I have removed the Username and REST endpoint / query from the log.
The questions I have are as follows: 1. There is a 5s delay evident between the "authorization" log entry and the "dispatch" log entry.
I'm not sure what this means exactly because I'm not sure what Knox is doing under the hood at this time.
It could be:
A delay in the Authorization step (Knox is waiting for auth). If the log entry was generated at the start of the authorization step then there would be a delay evident in the audit log until the dispatch entry is written. I would assume that authorization would be quick, but am not sure.
A delay in the Dispatch step (Knox is waiting on the HBase REST API to return). If the entry was generated after the dispatch step was done. This seems like the more likely candidate as it involves setting up a connection to HBase REST, submitting the query, and waiting for a response.
Does anyone know which of the 2 options above are valid?
Also, are there any ways to fix this delay?
2. The first log entry has a response of "unavailable".
Is this of any concern? All log entries, including non-delayed ones, have this status so I have assumed it is not serious.
Some metrics of our cluster:
The delays do not seem to be related to query load / concurrency
We do around 30 queries per second which HBase is supposed to handle. Not sure if the REST API or Knox gateway are rated for this degree of concurrency.
We have plenty of hardware - more than 10 worker nodes. The HBase REST and Knox services are both running on the same master node.
The queries are small and return maybe 10 rows and 30 columns at most from HBase
Based on the above we don't expect a hardware issue or an issue with HBase itself (although anything is possible). We expect the issue to perhaps be with Knox or the HBase REST API.
I think spawning the HBase connection is the most likely cause of the delay.
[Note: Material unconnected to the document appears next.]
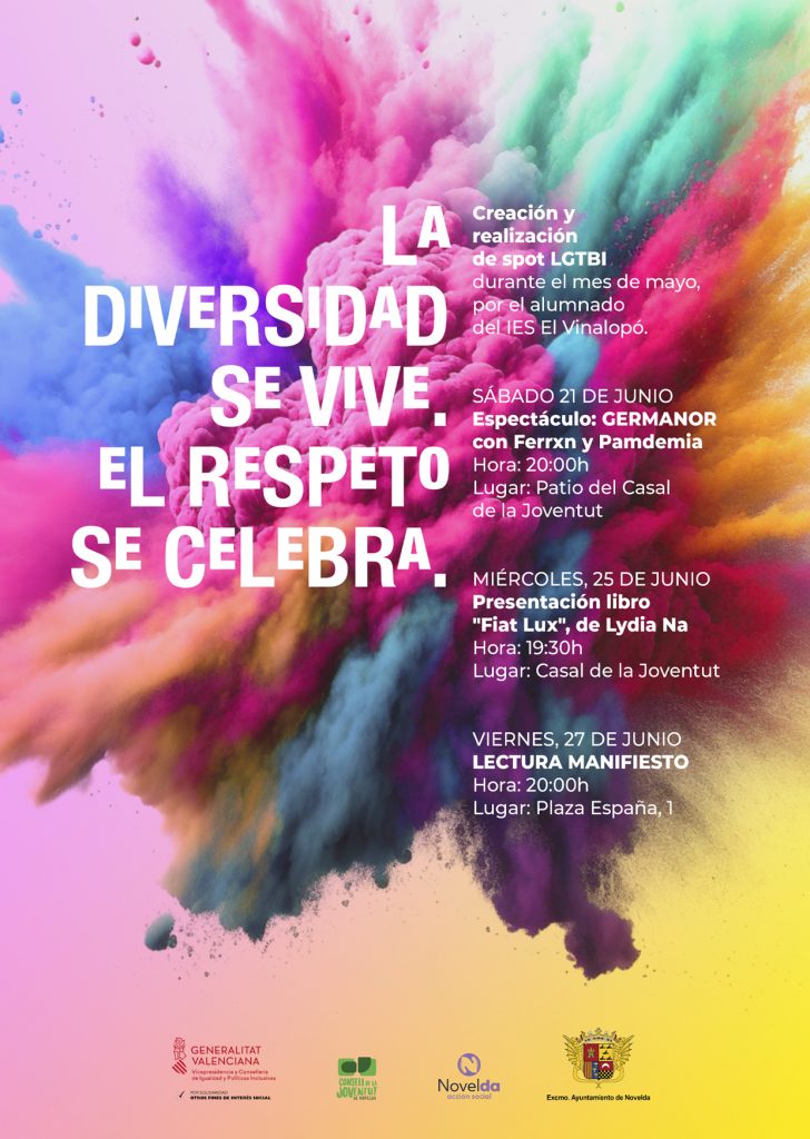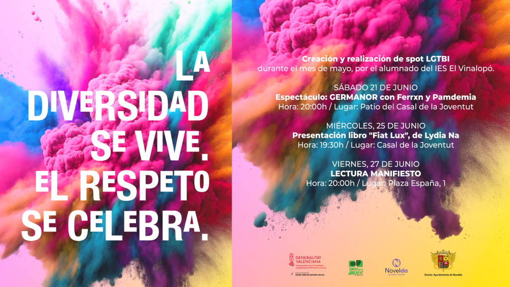 Sota el lema “La diversitat es viu, el respecte se celebra” l’Ajuntament de Novelda se suma, un any més, a la celebració, el pròxim 28 de juny, del Dia Internacional de l’Orgull LGTBIQ+ amb una programació d’activitats amb la qual es pretén donar visibilitat al col·lectiu i mostrar el compromís de la ciutat amb les valores democràtics d’igualtat, tolerància, llibertat i dignitat, reivindicant el paper dels governs locals en la promoció dels entorns segurs, inclusius i respectuosos.

Authorization architecture with Ranger is all enforced at the edges, in your case at the Knox nodes (can the user access the HBase topology) and at the Region server (can the client access the Hbase objects).
I would think that every call to Knox Hbase topology/Hbase REST will mean a new connection to HBase, but I am not sure.
You could try to eliminate causes by testing whether direct calls to HBase Rest have the same latency.